サブキャラ、特に男キャラがヒロイン達を食ってしまうほど濃い。 正直、ヒロイン達や主人公よりも存在感があり個性的すぎる。 そのため、主人公が霞みがちになる場面があったが、普段はヤル気なし・ヘタレな主人公が、実はとても熱いヤツというギャップがプレイしていて面白かった。 数多いサブキャラの中でもフカヒレがお気に入り。 こんなことを言うのは何だが、エロゲーマーの多くはプレイ中、フカヒレに自分を重ねている気がするのだがどうだろうか? あと、店長に立ち絵が無かったのが残念だ。
声優陣に『北都南』、『海原エレナ』とエロゲーをしていたら頻繁に目にする声優の名前が多かった。 声優の名前が分かるようになってきたということは、エロゲーマーに近付いてきたということか…。 どの声優もキャラに合っていたが、特にカニ役の『金田まひる』のハマリっぷりは聴いていて「ああっ、カニ役はこの人以外考えられないな」と感心した。 エロゲーにおける声優の重要さが改めてわかった気がする。
が、それよりもだ。 この作品になぜあの『強力若本』と『ベジータ様』がいるんだ!? しかも、メインキャラではなくギャグキャラって、おい…。 『強力若本』に至ってはオウムだし。
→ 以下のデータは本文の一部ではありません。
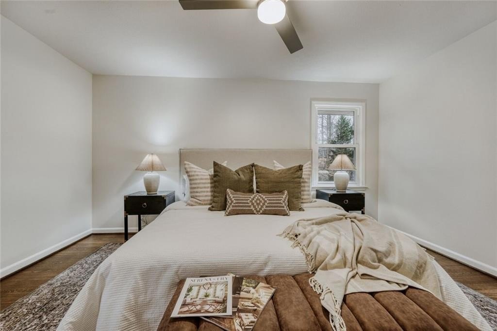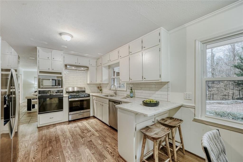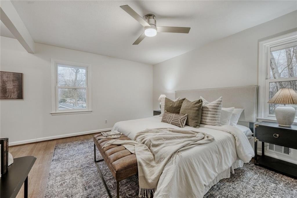 Set on a quiet rise along Landeau Circle, this inviting home enjoys a prime position on a sought-after street just minutes from I-285, offering everyday convenience with easy access to Winding Vista's swim and tennis amenities and a pleasant walk to Midvale Elementary in the heart of Tucker. Lovingly maintained, the home features a thoughtful blend of updates and timeless charm, including a beautifully renovated kitchen with quartz countertops, crisp white cabinetry, a subway tile backsplash, a new gas range, and an upgraded exhaust hood, while refinished hardwood floors add warmth throughout the main living areas. The spacious primary suite offers room for a sitting area, dual closets, and a private bath with double sink vanity and a walk-in shower, complemented by a second main-level bedroom with its own ensuite bath and generous closet space. The family room is anchored by a cozy gas fireplace, and one of the home's standout features is the beamed screened porch, providing a peaceful retreat overlooking the oversized, private backyard. The finished lower level further enhances the home with two additional bedrooms, a full bath, and a versatile bonus room ideal for a game room, media space, or second recreation area. You can't beat this home for its combination of space and location, with convenient access to downtown Tucker, Decatur, Emory/CDC and Midtown.

『強力若本』が演じたオウムの土永さんもカニと同じくらいハマッていた。 特に、朝のHRのありがたい話の数々は『強力若本』の独特の声のおかげもあり大いに笑わせてくれた。 が、館長に至っては『HELLSING』OVA一巻を見まくっていたせいか、どうしてもアンデルセンに被ってしかたない(キャラは全く違うが)。 館長が銃剣を構えながら「AMEN!」と叫び、「我らは己らに問う 汝ら何ぞや!!」と言っている姿が脳内で出来ているほどだ。 ……重症だな、おい。 というか、『HELLSING』読んだことがない人には何を言っているか分からないだろ、これ。
『ベジータ様』が演じたフカヒレもいいキャラだ。 それにしても『ベジータ様』にこんな愛すべきヘタレキャラも似合うとは驚きだ。 時折、ベジータか横島忠夫に聴こえてしかたなかった。 『3days 〜満ちてゆく刻の彼方で〜』以上に楽しんでいたんだろうな。 聴いていて、本当に楽しそうに声を当てている姿が浮かんでくる。
印象に残ったセリフ
・乙女「合体!? ……レオと椰子が、合体している!?」
が、合体っておい…。 この後のセリフも笑わせてくれる。
・なごみ「センパイに……センパイに気安く触るな!!」 デレになる前のなごみからは想像がつかないセリフだった。
・フカヒレ「そこは出すトコだよう!キュウリなんか入らないよう!」 中の人があの『ベジータ様』という事実がなんとも…。
・祈「さらに加速を。一心不乱の加速を!」 あのページ半分を使った長い少佐(『HELLSING』に登場するキャラ)の演説の一説が聴けるとは…。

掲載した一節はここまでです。